Orlando Science Center is revamping its restaurant area so it can double as an exhibit that examines food and health issues. The project is a collaboration with 4Roots, a nonprofit alliance founded by restaurateur John Rivers.
The 4Roots Café is expected to open on the ground floor of the science center in late October.
“There’s such mission alignment, not between our restaurants, but between our farm and our foundation and what we’re doing,” Rivers said during a preview of the space. “It’s all about education, and it’s all about inspiring young minds and young hearts.”
The goal is to make the dining experience fun, interactive and engaging, said Joann Newman, president and CEO of Orlando Science Center.
“I think the possibilities are so exciting, but what we really want to do is help educate, bring awareness to some of the issues around the food system,” she said. “I think we can make a difference in our community by helping to educate and have some calls to action.”
The space, where a Subway franchise had operated, will feature exhibits and large screen to help show cooking and science demonstrations.
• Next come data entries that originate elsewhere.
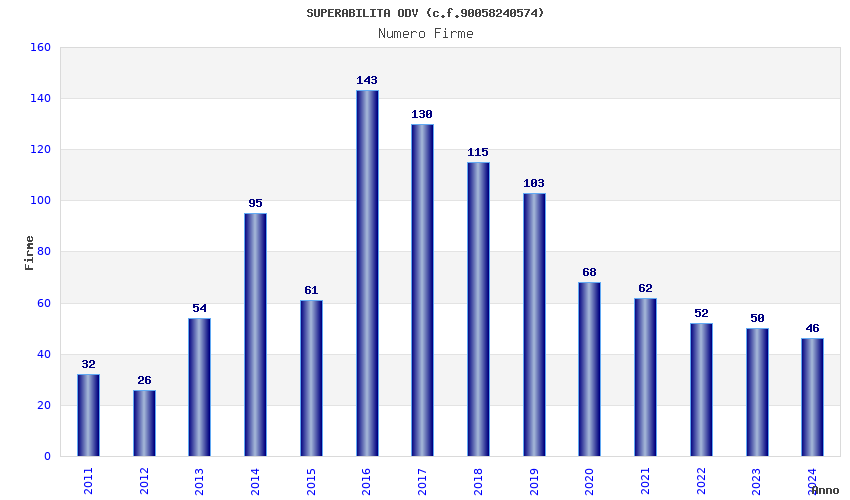 | Anno | Firme | Importi | Media | Naz. | Reg. | Prov. | Comu. |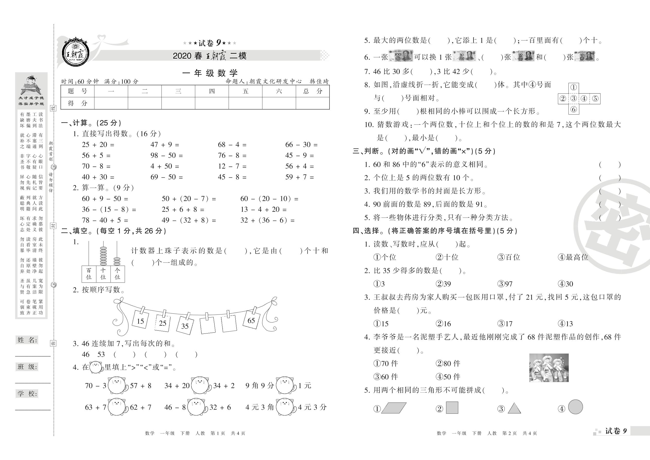 王朝霞期末模拟卷一年级下册数学(人教版)_R210802213356【9】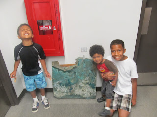 I-Man, Mr. Mr. and J-Man in front of a 900 lb slab of copper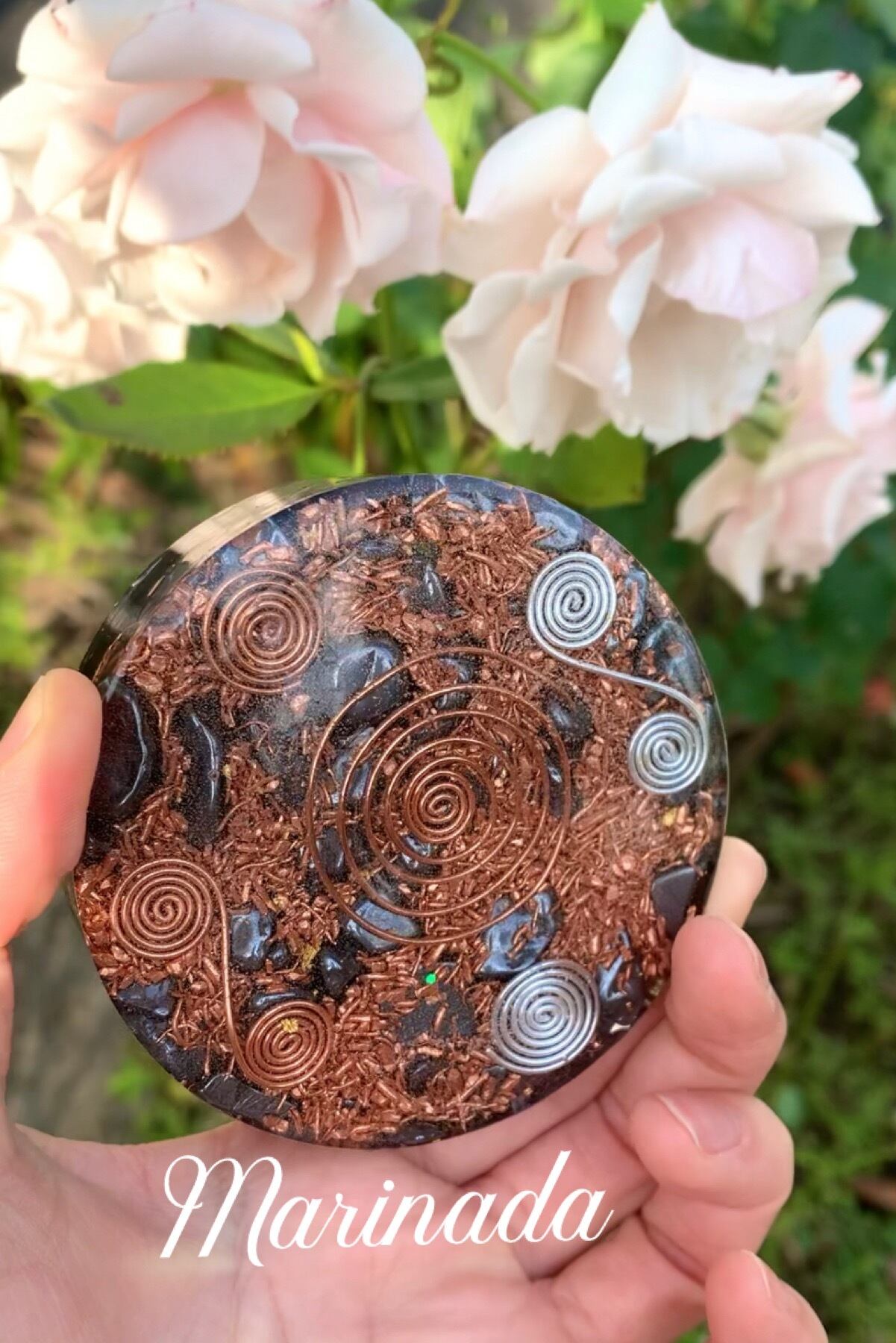 発信力と破邪の力も強いブラックトルマリンと、癒しの鉱石テラヘルツをたっぷりお入れした密度ぎっしりのオルゴナイトです✨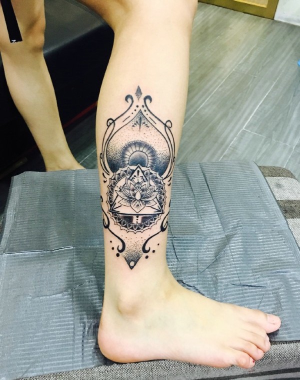 花腿纹身--一组大黑腿纹身图案作品欣赏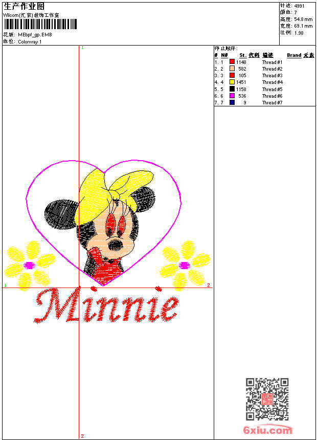 - emb花版参数: 大小:41.00 KB / 尺寸:69*55[毫米] / 针数:4991针 / 线色:7 / 格式:emb / 版本:9

One planned exhibit will explain hydroponics, and there will be a section devoted to Florida’s “food heroes,” Newman said.
“That could be anybody who’s doing innovation around food. Some of it is the technology. There’s amazing drone technology and GPS technology and all those things that are helping us grow more efficiently and more effectively,” she said. “There’s just so many stories.”
Rivers said the goal was not to overpower the diners with learning while eating.
“If you make it fun and you build it into the actual meal and the eating process, I think kids really get engaged,” he said.
“I haven’t seen anything like this. And I’ve gone through a lot of science centers and a lot of museums,” Newman said. “We’ve looked at this space as a dining space for so many years, it was almost a little bit of an ‘a-ha’ for us as well.”
The 4R Foundation is a charitable arm of the 4R Restaurant Group, which includes 4Rivers Smokehouse, The Coop and the 4R Cantina Food Truck. The nonprofit is developing the 4Roots Farm Campus in Orlando, using a holistic approach to food-systems change.
“I love creating concepts, new menus and new items,” Rivers said. For the 4Roots Café, “we wanted it to be very health-oriented, and sustainability-oriented as well, from all the cutlery to the bowls and everything.”
He said the science center location had interesting challenges.
“My average age coming in from my guests is 8 and a half, and they have moms with them that are in a hurry,” he said. There will be a grab-and-go counter alongside build-a-bowl options.
The public will be able to visit 4Roots Café without paying science center admission. Before the pandemic, folks could enter the space from its own entrance, although currently, as a health precaution, everyone must use the museum’s main entrance.